Items from a data source
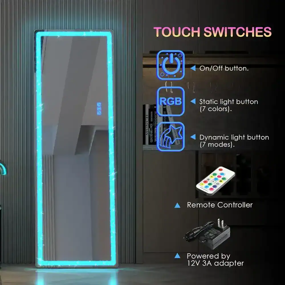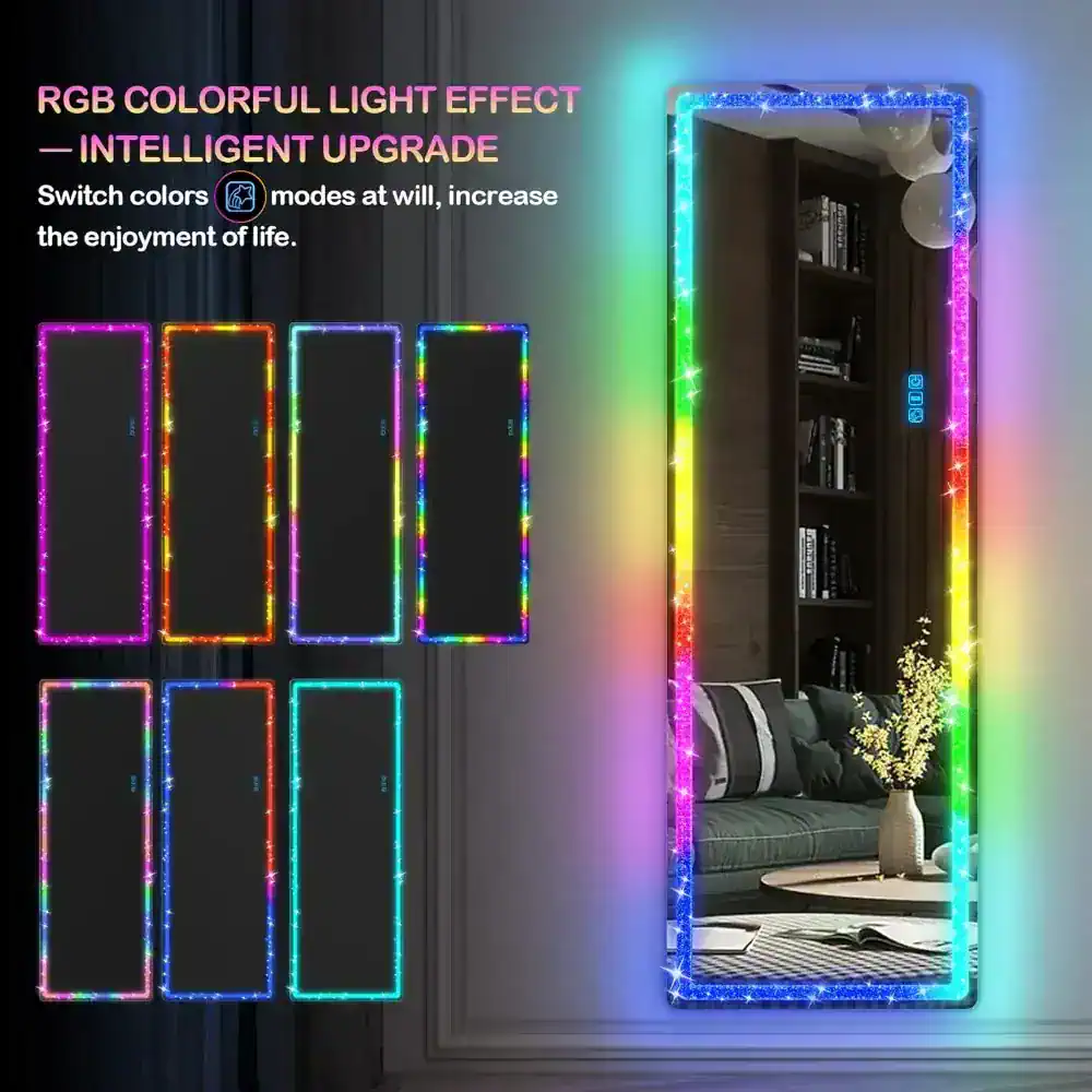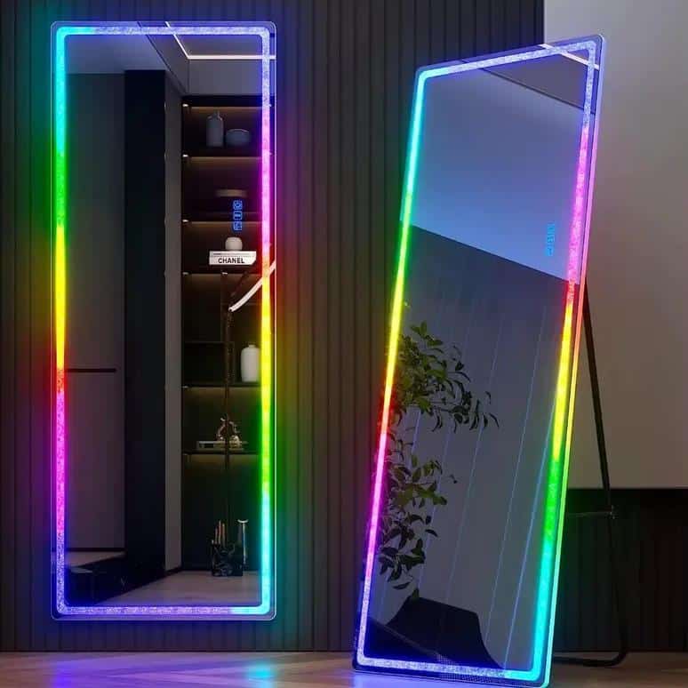Elevate your home decor with this stunning Full Body LED Lighted Mirror. Designed for modern living, it features a dazzling crushed diamond frame that adds a touch of luxury to any room. Whether mounted on the wall or used as a free-standing mirror, this versatile piece combines style, functionality, and cutting-edge technology to become a centerpiece in your bedroom, dressing room, or living area.
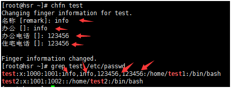(3) chfn:该命令会向你询问要将哪些适合的内容加入备注字段,下面给test用户加内容备注,如下图所示:
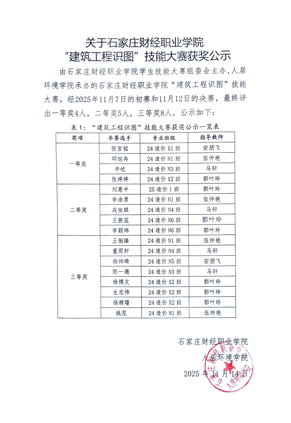 关于英国beat365官方网站“建筑工程识图”技能大赛获奖公示
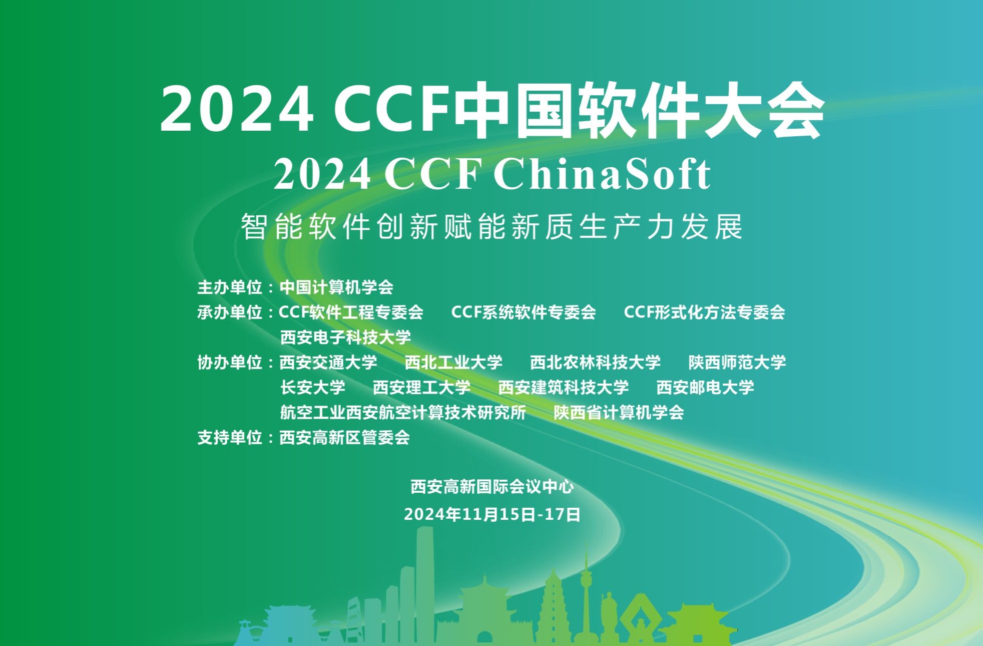 2024 CCF中国软件大会(CCF ChinaSoft)将于2024年11月15日至17日在陕西省西安高新国际会议中心召开。大会由中国计算机学会(CCF)主办,CCF软件工程专委会、系统软件专委会、形式化方法专委会、西安电子科技大学承办,世界杯平台(国家示范性软件学院)具体落实,西安市智能软件工程重点实验室负责实施,得到西安高新区管委会的大力支持。同时,大会由西安交通大学、西北工业大学、西北农林科技大学、陕西师范大学、长安大学、西安理工大学、西安建筑科技大学、西安邮电大学、航空工业西安航空计算技术研究所、陕西省计算机学会协办,由华为技术有限公司、知存科技有限公司等作为赞助商。本届大会的主题为“智能软件创新赋能新质生产力发展”。
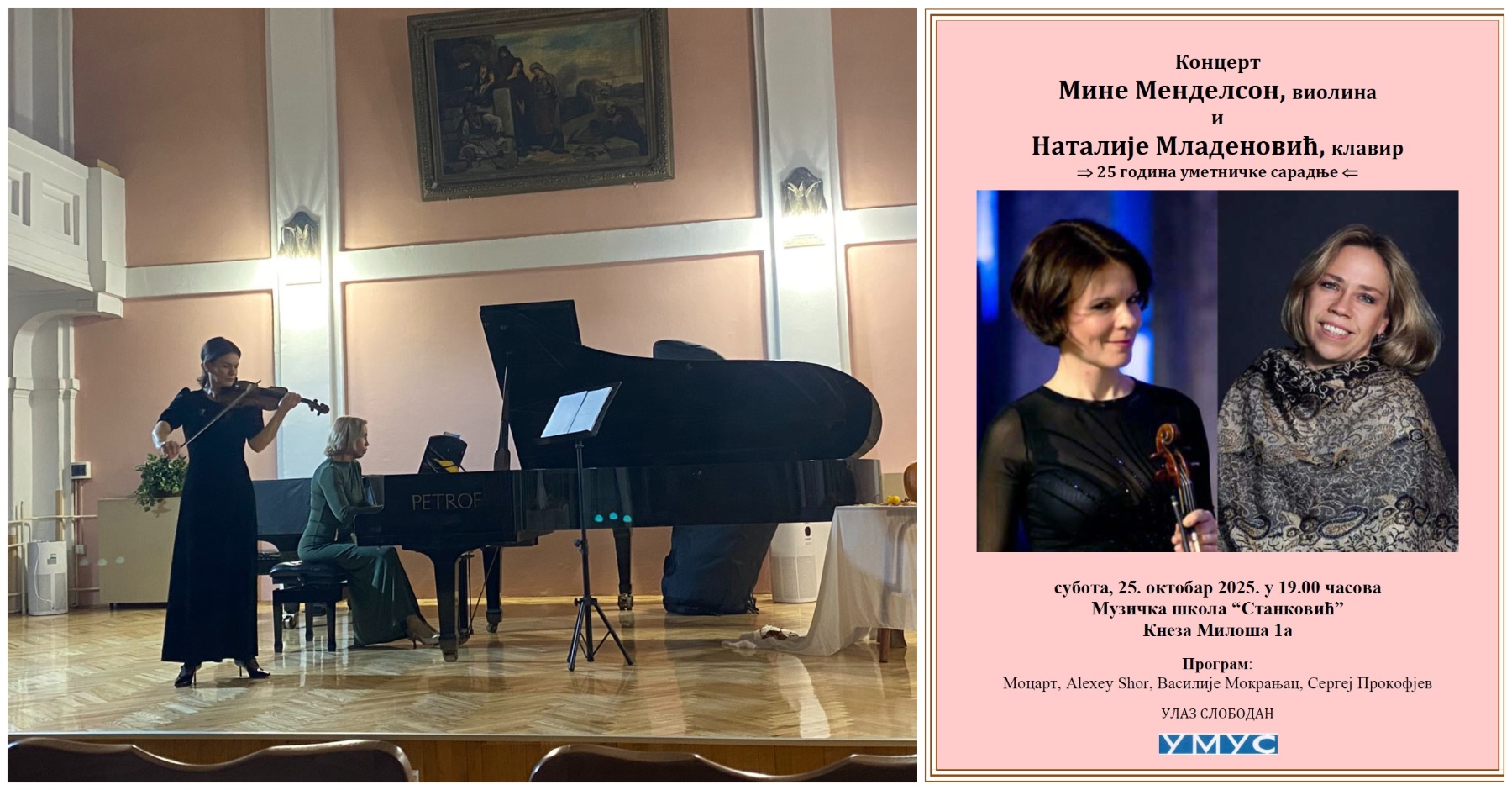Redovni profesor Fakulteta umetnosti u Nišu, violinistkinja dr um. Mina Mendelson održala je celovečernji koncert 25. 10. 2025. godine u Svečanoj sali MŠ „Stanković“ u Beogradu, sa pijanistkinjom Natalijom Mladenović, u organizaciji UMUS-a. Ovaj koncert je još jedan u nizu kojim Mina i Natalija obeležavaju 25 godina umetničke saradnje. Na programu su izvedena dela W. A. Mozarta (Rondo C dur), zatim Vase Mokranjca (Stara pesma i igra), S. Prokofjeva (Sonata za violinu i klavir D dur, op. 94bis) i premijerno u Srbiji – Aleksey Shore: Sonata za violinu i klavir br. 1.

=== Exercise directions ===
Repeat the entries word for word and skip the pictures.

=== Response ===
Elevate your home decor with this stunning Full Body LED Lighted Mirror. Designed for modern living, it features a dazzling crushed diamond frame that adds a touch of luxury to any room. Whether mounted on the wall or used as a free-standing mirror, this versatile piece combines style, functionality, and cutting-edge technology to become a centerpiece in your bedroom, dressing room, or living area.
(3) chfn:该命令会向你询问要将哪些适合的内容加入备注字段,下面给test用户加内容备注,如下图所示:
 关于英国beat365官方网站“建筑工程识图”技能大赛获奖公示
 2024 CCF中国软件大会(CCF ChinaSoft)将于2024年11月15日至17日在陕西省西安高新国际会议中心召开。大会由中国计算机学会(CCF)主办,CCF软件工程专委会、系统软件专委会、形式化方法专委会、西安电子科技大学承办,世界杯平台(国家示范性软件学院)具体落实,西安市智能软件工程重点实验室负责实施,得到西安高新区管委会的大力支持。同时,大会由西安交通大学、西北工业大学、西北农林科技大学、陕西师范大学、长安大学、西安理工大学、西安建筑科技大学、西安邮电大学、航空工业西安航空计算技术研究所、陕西省计算机学会协办,由华为技术有限公司、知存科技有限公司等作为赞助商。本届大会的主题为“智能软件创新赋能新质生产力发展”。
Redovni profesor Fakulteta umetnosti u Nišu, violinistkinja dr um. Mina Mendelson održala je celovečernji koncert 25. 10. 2025. godine u Svečanoj sali MŠ „Stanković“ u Beogradu, sa pijanistkinjom Natalijom Mladenović, u organizaciji UMUS-a. Ovaj koncert je još jedan u nizu kojim Mina i Natalija obeležavaju 25 godina umetničke saradnje. Na programu su izvedena dela W. A. Mozarta (Rondo C dur), zatim Vase Mokranjca (Stara pesma i igra), S. Prokofjeva (Sonata za violinu i klavir D dur, op. 94bis) i premijerno u Srbiji – Aleksey Shore: Sonata za violinu i klavir br. 1.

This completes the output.